= Beginning of Section =

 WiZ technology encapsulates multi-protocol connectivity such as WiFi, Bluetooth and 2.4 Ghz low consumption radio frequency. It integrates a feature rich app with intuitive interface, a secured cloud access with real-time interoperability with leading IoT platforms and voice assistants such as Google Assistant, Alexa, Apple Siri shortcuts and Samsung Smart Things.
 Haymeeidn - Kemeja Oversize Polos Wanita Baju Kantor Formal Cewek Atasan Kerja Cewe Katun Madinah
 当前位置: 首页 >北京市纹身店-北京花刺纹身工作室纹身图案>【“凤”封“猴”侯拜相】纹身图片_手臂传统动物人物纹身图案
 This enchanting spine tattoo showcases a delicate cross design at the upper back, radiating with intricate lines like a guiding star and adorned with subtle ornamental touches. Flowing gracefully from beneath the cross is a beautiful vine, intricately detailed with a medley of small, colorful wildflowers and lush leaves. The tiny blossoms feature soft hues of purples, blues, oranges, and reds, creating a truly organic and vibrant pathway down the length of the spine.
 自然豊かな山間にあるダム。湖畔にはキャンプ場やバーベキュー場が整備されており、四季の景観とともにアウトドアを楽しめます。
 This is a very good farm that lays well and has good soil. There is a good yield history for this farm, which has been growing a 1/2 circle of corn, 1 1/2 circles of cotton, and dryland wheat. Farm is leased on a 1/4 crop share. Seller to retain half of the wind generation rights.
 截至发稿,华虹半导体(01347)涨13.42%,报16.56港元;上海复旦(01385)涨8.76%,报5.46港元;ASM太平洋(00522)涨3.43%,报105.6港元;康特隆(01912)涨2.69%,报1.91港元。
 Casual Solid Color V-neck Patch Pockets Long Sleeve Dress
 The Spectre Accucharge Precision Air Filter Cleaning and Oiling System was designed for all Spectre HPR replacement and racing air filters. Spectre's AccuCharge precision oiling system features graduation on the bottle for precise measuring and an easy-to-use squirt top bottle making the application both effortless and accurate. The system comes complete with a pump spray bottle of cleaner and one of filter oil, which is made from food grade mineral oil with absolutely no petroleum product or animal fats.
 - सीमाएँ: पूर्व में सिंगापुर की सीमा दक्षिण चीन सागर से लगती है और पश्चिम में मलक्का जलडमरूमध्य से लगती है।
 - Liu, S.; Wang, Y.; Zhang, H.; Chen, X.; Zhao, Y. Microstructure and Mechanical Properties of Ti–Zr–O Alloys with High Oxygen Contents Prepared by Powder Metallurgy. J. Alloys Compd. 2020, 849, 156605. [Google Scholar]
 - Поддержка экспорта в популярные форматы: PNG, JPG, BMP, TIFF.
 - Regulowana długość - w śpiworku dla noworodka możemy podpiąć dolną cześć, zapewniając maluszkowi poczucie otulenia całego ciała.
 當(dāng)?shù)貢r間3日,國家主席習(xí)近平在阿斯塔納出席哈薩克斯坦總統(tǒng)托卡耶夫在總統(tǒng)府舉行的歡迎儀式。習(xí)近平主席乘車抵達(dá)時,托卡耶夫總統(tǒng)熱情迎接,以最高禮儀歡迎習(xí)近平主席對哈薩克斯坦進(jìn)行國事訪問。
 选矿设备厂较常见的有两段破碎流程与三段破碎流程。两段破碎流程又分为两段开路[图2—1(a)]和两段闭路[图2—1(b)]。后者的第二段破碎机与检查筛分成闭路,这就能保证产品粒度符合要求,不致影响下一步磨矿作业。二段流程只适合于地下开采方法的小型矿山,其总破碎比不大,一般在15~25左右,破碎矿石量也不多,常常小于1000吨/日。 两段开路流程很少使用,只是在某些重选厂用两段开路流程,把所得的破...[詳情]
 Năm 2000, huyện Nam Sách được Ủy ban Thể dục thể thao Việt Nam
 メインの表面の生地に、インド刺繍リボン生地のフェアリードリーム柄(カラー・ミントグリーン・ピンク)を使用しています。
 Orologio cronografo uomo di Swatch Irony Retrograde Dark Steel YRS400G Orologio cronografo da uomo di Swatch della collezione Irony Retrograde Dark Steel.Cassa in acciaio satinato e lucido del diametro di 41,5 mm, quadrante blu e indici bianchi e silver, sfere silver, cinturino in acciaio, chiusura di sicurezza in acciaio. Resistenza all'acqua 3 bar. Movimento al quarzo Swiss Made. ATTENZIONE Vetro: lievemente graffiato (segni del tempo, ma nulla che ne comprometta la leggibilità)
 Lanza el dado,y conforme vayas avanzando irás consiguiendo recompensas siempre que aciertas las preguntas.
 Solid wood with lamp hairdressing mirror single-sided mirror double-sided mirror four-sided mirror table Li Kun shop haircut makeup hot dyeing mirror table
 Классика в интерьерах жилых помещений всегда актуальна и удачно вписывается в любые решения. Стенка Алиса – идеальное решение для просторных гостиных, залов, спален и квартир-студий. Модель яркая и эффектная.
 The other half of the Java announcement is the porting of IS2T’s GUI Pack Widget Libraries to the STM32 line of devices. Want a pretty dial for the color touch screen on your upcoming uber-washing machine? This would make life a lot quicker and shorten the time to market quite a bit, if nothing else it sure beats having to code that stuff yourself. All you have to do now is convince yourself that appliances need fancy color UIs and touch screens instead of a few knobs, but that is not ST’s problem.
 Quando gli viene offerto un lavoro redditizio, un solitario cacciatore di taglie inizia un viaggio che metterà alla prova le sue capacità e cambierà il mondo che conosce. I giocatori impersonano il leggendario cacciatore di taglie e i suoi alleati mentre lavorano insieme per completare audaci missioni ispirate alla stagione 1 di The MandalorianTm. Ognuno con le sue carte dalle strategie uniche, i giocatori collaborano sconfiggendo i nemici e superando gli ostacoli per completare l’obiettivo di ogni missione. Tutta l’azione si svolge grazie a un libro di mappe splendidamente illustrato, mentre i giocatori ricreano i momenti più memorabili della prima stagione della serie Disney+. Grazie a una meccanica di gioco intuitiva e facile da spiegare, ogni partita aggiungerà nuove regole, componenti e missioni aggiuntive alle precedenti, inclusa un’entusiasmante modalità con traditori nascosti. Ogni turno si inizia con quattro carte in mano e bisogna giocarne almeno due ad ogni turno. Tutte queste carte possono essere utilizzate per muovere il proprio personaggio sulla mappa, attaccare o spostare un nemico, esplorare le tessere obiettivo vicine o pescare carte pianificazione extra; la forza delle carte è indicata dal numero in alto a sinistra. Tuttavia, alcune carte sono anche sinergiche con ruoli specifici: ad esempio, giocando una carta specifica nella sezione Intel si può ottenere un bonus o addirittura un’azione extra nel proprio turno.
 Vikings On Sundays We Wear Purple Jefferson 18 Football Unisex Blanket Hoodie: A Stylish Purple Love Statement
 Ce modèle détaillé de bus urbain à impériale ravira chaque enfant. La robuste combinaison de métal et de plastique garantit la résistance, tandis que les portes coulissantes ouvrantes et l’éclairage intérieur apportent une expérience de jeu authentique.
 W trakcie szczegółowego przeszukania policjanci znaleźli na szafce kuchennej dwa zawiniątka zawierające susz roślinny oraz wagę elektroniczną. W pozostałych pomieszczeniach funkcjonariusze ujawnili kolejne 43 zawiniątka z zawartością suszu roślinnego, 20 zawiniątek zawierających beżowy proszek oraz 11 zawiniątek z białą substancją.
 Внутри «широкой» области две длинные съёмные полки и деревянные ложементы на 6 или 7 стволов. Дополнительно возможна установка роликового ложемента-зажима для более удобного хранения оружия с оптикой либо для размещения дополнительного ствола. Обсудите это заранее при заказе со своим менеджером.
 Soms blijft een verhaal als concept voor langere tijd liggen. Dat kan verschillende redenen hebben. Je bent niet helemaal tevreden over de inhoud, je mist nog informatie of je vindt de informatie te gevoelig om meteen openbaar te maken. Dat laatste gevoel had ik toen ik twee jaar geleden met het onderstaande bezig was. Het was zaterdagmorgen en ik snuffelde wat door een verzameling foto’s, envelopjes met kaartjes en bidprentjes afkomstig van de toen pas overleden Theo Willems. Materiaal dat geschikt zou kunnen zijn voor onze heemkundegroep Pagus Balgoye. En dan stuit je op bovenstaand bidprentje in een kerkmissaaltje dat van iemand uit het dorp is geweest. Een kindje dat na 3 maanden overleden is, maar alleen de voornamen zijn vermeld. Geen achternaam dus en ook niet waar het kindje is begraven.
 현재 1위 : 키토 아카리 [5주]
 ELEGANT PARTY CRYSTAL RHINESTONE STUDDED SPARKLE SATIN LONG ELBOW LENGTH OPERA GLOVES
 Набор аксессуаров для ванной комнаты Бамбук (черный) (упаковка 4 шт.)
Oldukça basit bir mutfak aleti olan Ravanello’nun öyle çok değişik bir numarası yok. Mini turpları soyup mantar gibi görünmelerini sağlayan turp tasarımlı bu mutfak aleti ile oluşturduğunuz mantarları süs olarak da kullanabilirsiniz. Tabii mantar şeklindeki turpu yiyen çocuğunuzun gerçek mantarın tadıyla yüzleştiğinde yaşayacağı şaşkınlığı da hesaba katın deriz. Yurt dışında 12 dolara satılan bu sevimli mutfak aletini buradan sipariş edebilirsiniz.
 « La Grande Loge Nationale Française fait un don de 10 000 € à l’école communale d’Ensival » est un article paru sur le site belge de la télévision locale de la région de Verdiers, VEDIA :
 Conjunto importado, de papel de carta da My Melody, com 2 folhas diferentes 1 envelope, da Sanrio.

= End of Section =

Problem to solve: What is the number of lines in the listing that include "Google"? Answer with that number only.

Task answer: 2